Faas: Proof of concept: reliable asynchronous processing

Created on 7 Jul 2017 · 11Comments · Source: openfaas/faas

Asynchronous processing should be possible for long-running functions.

Must have:

Work can be accepted through a new route or a Header

/async/function/<function_name>

Or via Header:

X-etc: async

Work is accepted immediately and a 202 Accepted is returned. This should be handed off to a queue.
One or more (scaleable) asynchronous workers read from a queue and call functions
- Should dequeue item atomically
- Upon failure another worker should pick up the item
- For initial version - HTTP should be used by worker to call function just like the gateway does. Timeout will depend on the configuration of the function.
Prometheus metrics to be logged for work queued/processed/outstanding

Could have:

Watchdog configuration to state whether async/sync is supported
Validation in gateway for invocation method
Retry logic on failure

Nice to have:

Additional logging beyond docker service logs
Callback URL could be specified via header or query-string - this could be called by the framework upon completion

Notes:

Have looked into Kafka - design looks overly complex for task at hand.
NATS queuing is not resilient - but NATS Streaming may be suitable.

help wanted skiladvanced

Source

alexellis

👍2 ❤1

All 11 comments

If you need a beta tester for asynchronous processing, I am in !

Tofull on 11 Jul 2017

Thanks @Tofull - I've started a quick proof of concept with NATs streaming.

Have you started using FaaS or creating functions already? Do you have async workloads ready for testing?

alexellis on 11 Jul 2017

Amazing ! You roks ! :)

I used FaaS to deploy some functions that my machine learning experts made with magic.

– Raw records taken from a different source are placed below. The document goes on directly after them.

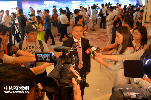 江西省委(省政府)臺辦主任鄧保生接受媒體采訪。(圖片來源:江西省臺辦)
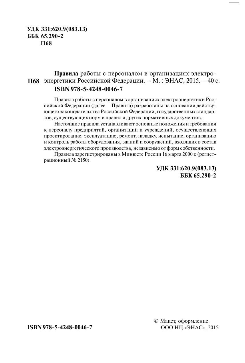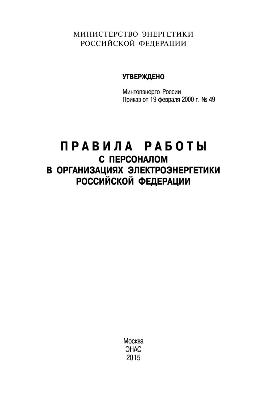 Правила работы с персоналом в организациях электроэнергетики Российской Федерации (далее – Правила) разработаны на основании действующего законодательства Российской Федерации, государственных стандартов, существующих норм и правил и других нормативных документов. Настоящие правила устанавливают основные положения и требования к персоналу предприятий, организаций и учреждений, осуществляющих проектирование, эксплуатацию, ремонт, наладку, испытание, организацию и контроль работы оборудования, зданий и сооружений, входящих в состав электроэнергетического производства, независимо от форм собственности. Правила зарегистрированы в Минюсте России 16 марта 2000 г. (регистрационный № 2150).
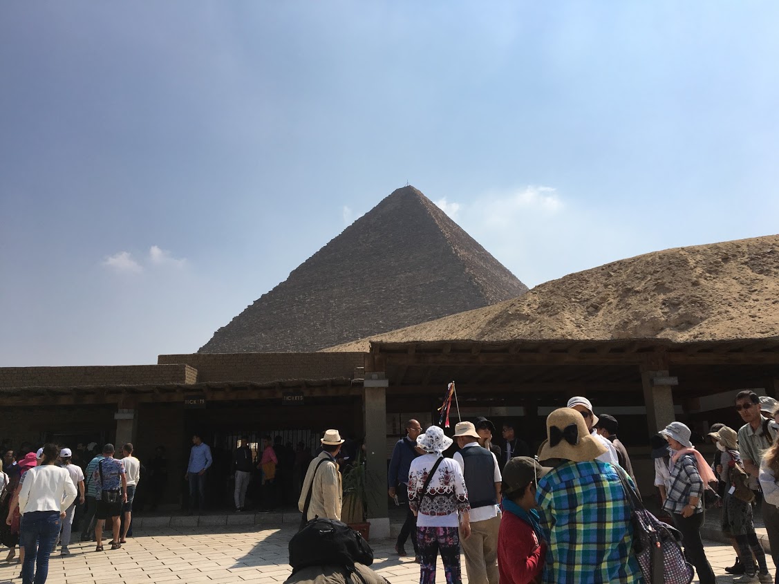ギザの三大ピラミッドの前に行くには入場券を買いセキュリティーを受けます。
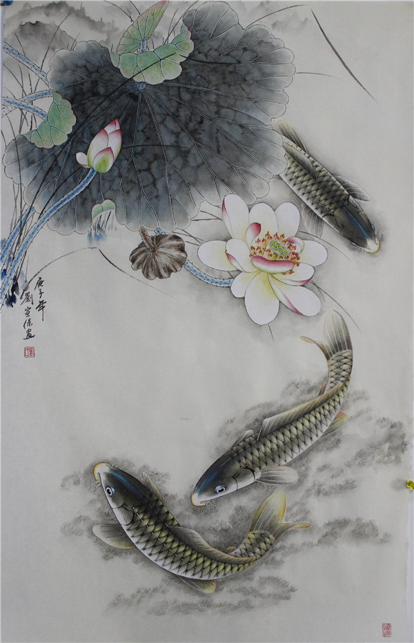 “画鱼须得活泼,得其游泳像。见影如欲惊,硷喁意闲放。浮沉荇藻间,清流姿荡漾。悠悠羡其乐,与人同意况。若不得其神,只徒肖其状。虽写溪涧中,不异砧俎上。”刘宣保画作深得其妙。鱼儿在长满水草的水中,自由自在地漫游着,或聚或散,或浮或沉,轻巧灵动。碧水荡漾,萍藻摇曳,极其鱼水之乐。
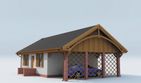 Budynek o zwartej bryle, parterowy, przekryty dachem dwuspadowym. Maksymalna wysokość budynku wynosi 5,22m. Nowoprojektowany budynek swoją formą nawiązywać winien do zabudowy występującej w sąsiedztwie planowanej inwestycji. KONSTRUKCJA:Główne rozwiązania konstrukcyjno-materiałowe: Projektowany budynek wykonany będzie w technologii lekkiego szkieletu drewnianego.Główną konstrukcję nośną stanowić będą: ławy słupy i wieniec opaskowy - zazbrojone konstrukcyjnie, ściany nośne w szkielecie drewnianym spięte podwójnym oczepem, dach dwuspadowy oparty na więźbie o konstrukcji drewnianej krokwiowo-jętkowej.
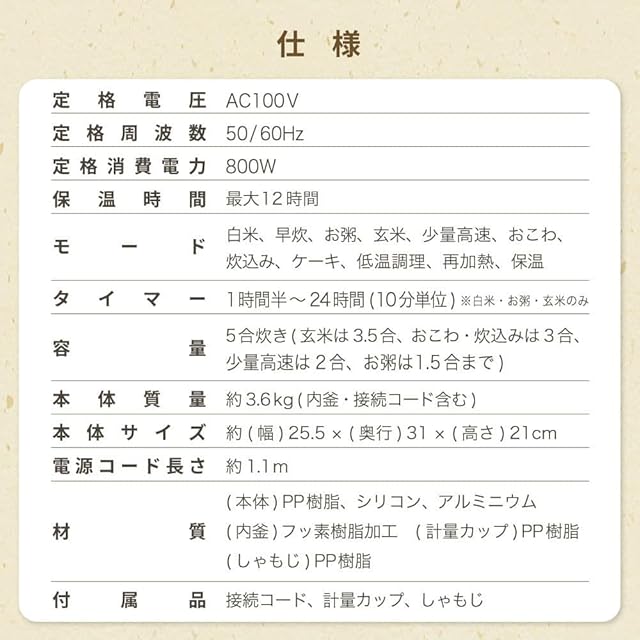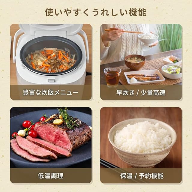 ★ 使いやすくうれしい機能 ・多彩な炊き分け ・早炊きモード ・保温予約機能 ・チャイルドロック
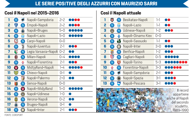 Il precedente appartiene alla passata stagione (2015/2016) e sciorinato praticamente subito. Sarri, da freschissimo insediato, subì una sconfitta all’esordio in quel di Reggio Emila (ad opera del Sassuolo) per poi inaugurare una sequenza infinita di risultati utili. La bellezza di diciotto in tre mesi: partendo dalla Samp in casa (30 agosto 2015) per arrivare all’Inter ancora a Fuorigrotta (30 novembre). Quattordici vittorie e quattro pareggi, vera e propria istantanea inversione di marcia da definirsi trionfale.
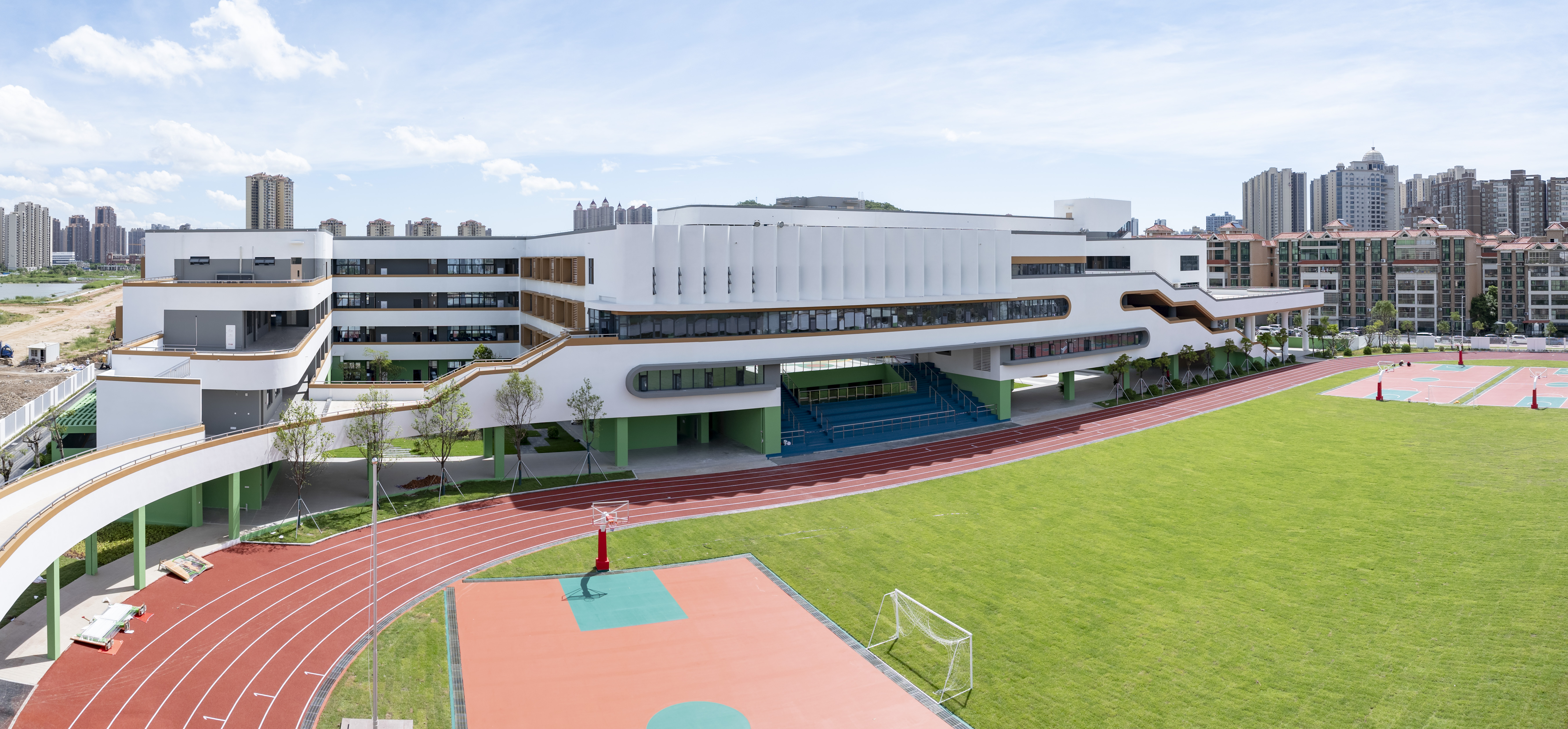 珠海九中是新香洲片区的一所热门名校,因学区范围内户籍新生人数过多,连续多年实施户籍生分流举措。两年前该校启动改扩建工程,扩建运动场,新建两层综合教室,并增设地下交通分流中心、阅览室、多功能厅、报告厅等。

FaaS works great for prediction service as it is a synchronous task.

As some processing functions need time (training our models), we would use async processing and we already have a workflow ready for testing.

Tofull on 11 Jul 2017

🎉1

That sounds like a great use-case. Is there anything you can share on a blog or on Twitter?

alexellis on 11 Jul 2017

When our developments will gain in stability, we will be able to communicate and mention FaaS as the solution we decided to use in a tweet or some presentations we will make ('cause we are working with French industries in aerospace :artificial_satellite: & :earth_americas: earth observation fields).
FaaS with async should completely meet our needs, here at the Institute of Technology Saint Exupéry. :smiley:

Tofull on 12 Jul 2017

It would probably help to map out the use cases for the async processing first as there are a couple different ones I can think of that usually require different guarantees and metrics. anyone know what the users of this library would favor in use cases for this as this would ease up choosing the right queueing options here too. kafka for example might seem overly complex (and it is complex) but it has its uses, but usually I wouldnt choose that for simple response queues like here generally. nats is nice general purpose, but i fear doesnt encompass all options. there is also the possibility of a mixed solution making it simple pub/sub with separate log database (usually you need recent stuff, which is in mem, but you dont lose old stuff this way and support stuff like "oh my car is offline for 15min because of shit internet, but can still get its response"), which gives quite a lot of flexibility and isnt that hard to implement.
problem with using queuing systems like nats is that you end up having a ton of a ton of queues piling up. While this is completely acceptable in your infrastructure for workers and services as its quite limited, when it comes to response queues, thats not so feasable really. mqtt suffers from similar problems in the end when load gets high. seen a couple of implementations that offload mqtt queues to databases though.

sandrom on 22 Jul 2017

As you have mentioned - the various queue implementations available have their own pros/cons. Ideally it should be easy to swap between different "queue" providers or implementations.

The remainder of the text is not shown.